In the listing below, locate the line with "Blusa beige de" and the line with "これまでNASとして使ってき", then output both and everything between them exactly, minus any pictures.
** Opening Records shown block **
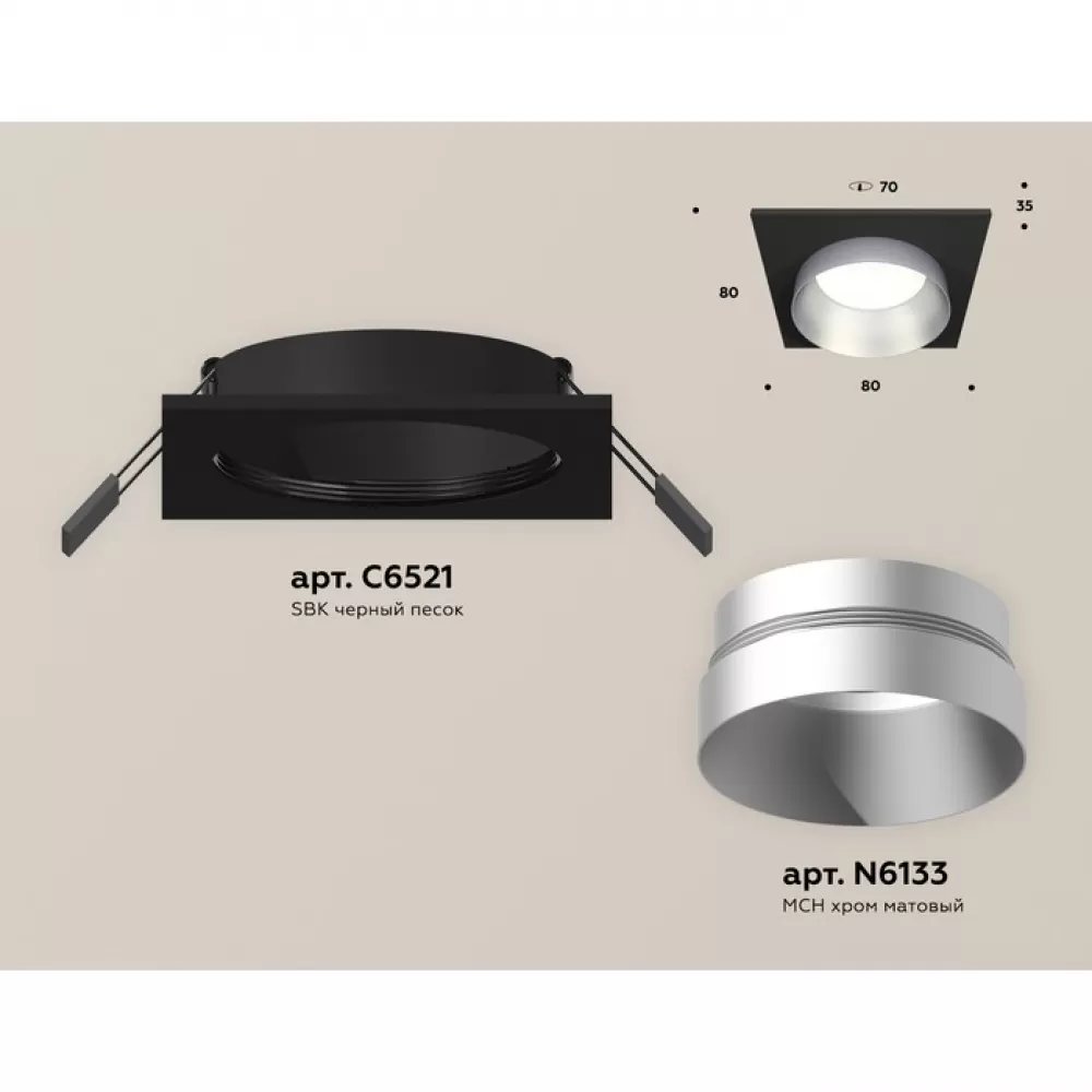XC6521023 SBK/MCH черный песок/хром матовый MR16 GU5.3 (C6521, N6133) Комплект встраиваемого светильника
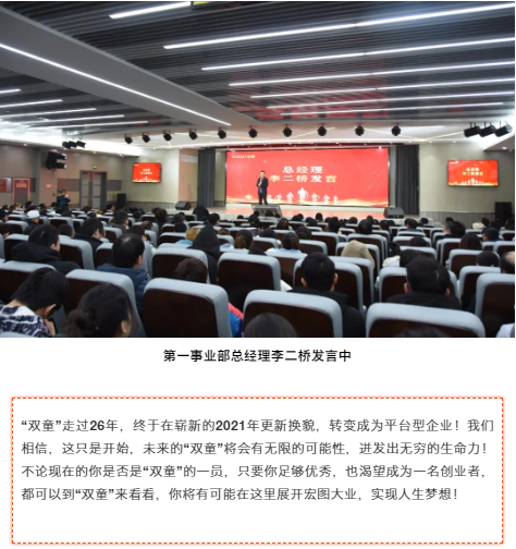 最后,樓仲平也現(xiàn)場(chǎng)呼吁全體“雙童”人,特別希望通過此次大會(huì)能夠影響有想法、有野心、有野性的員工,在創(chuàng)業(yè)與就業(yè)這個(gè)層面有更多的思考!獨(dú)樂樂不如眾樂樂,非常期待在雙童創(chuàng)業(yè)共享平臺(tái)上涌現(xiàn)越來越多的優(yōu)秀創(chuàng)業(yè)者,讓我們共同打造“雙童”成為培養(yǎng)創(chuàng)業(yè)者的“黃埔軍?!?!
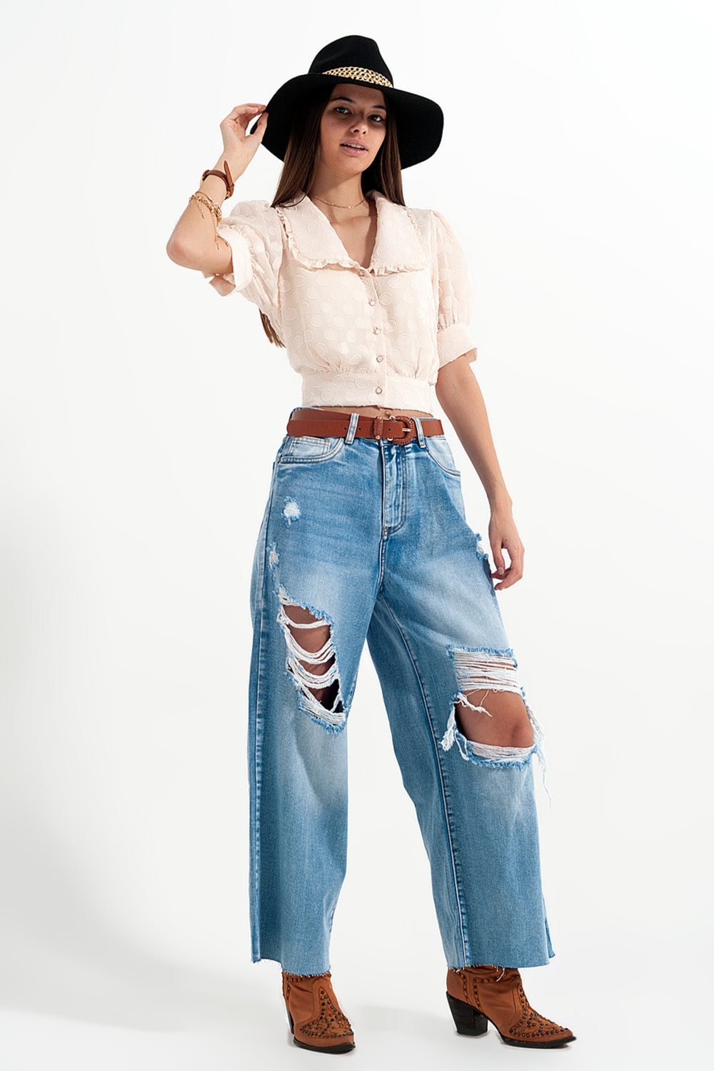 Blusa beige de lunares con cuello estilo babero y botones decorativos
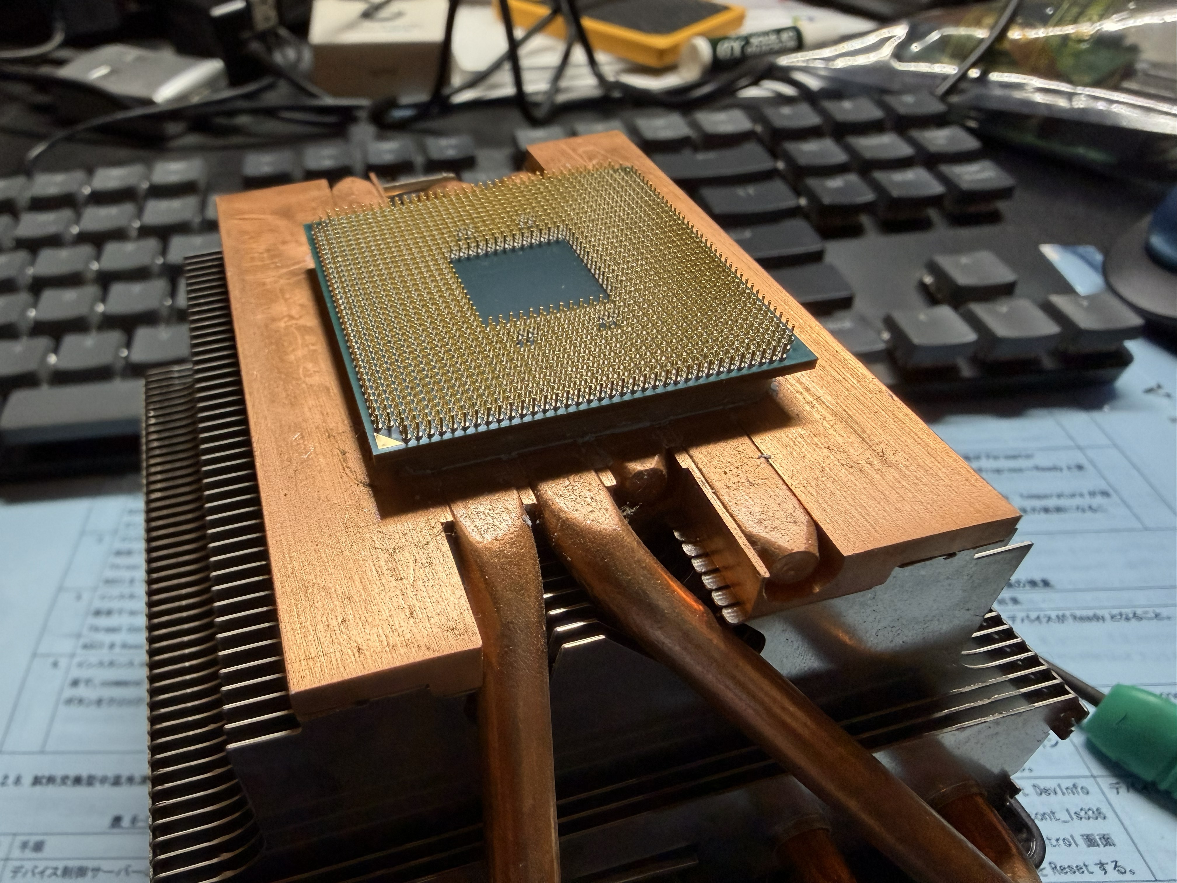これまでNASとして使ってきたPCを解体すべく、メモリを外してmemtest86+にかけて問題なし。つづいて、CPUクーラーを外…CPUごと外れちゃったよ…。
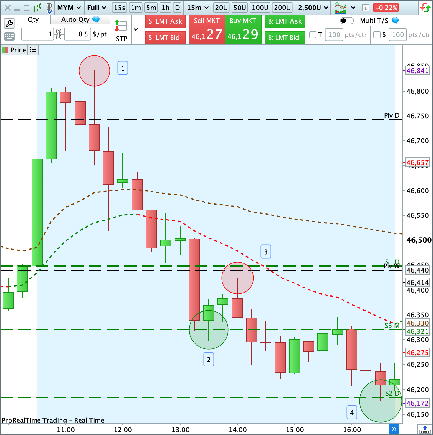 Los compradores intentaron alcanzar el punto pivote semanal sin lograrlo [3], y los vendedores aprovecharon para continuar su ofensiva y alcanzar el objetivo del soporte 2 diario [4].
** Closing Records shown block **
** Opening Records shown block **
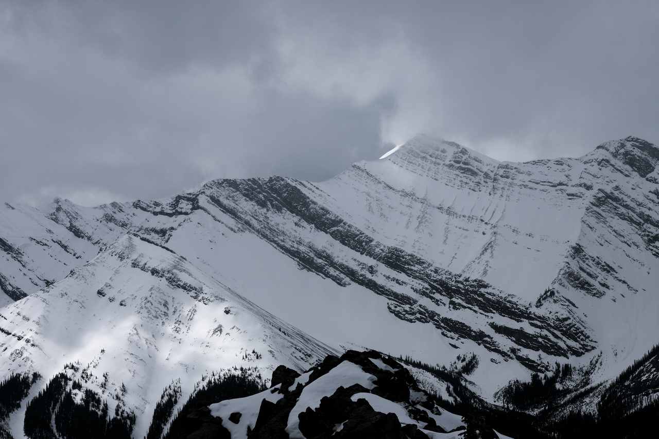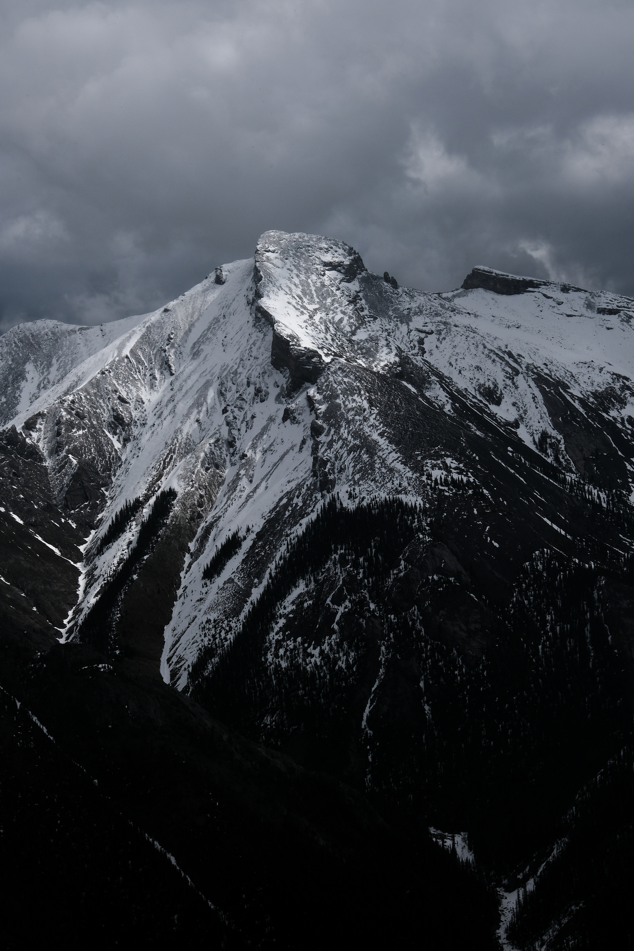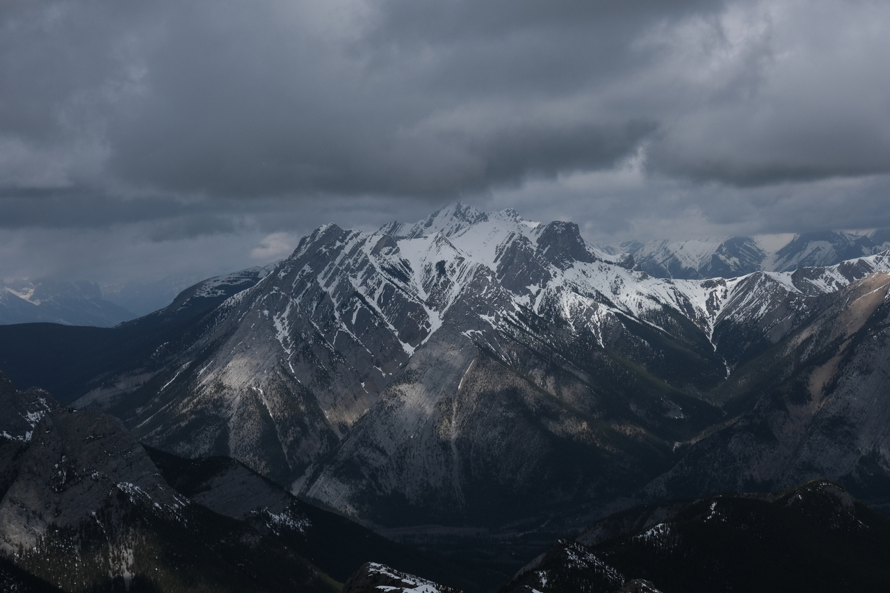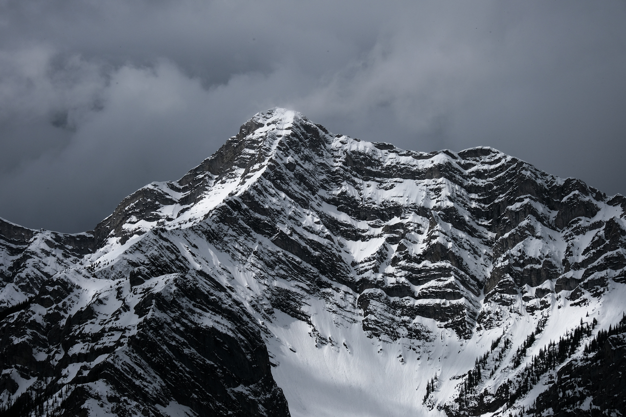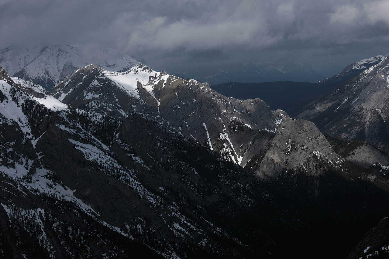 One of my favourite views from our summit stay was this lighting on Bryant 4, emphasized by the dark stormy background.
** Closing Records shown block **
## Solution
 Blusa beige de lunares con cuello estilo babero y botones decorativos
これまでNASとして使ってきたPCを解体すべく、メモリを外してmemtest86+にかけて問題なし。つづいて、CPUクーラーを外…CPUごと外れちゃったよ…。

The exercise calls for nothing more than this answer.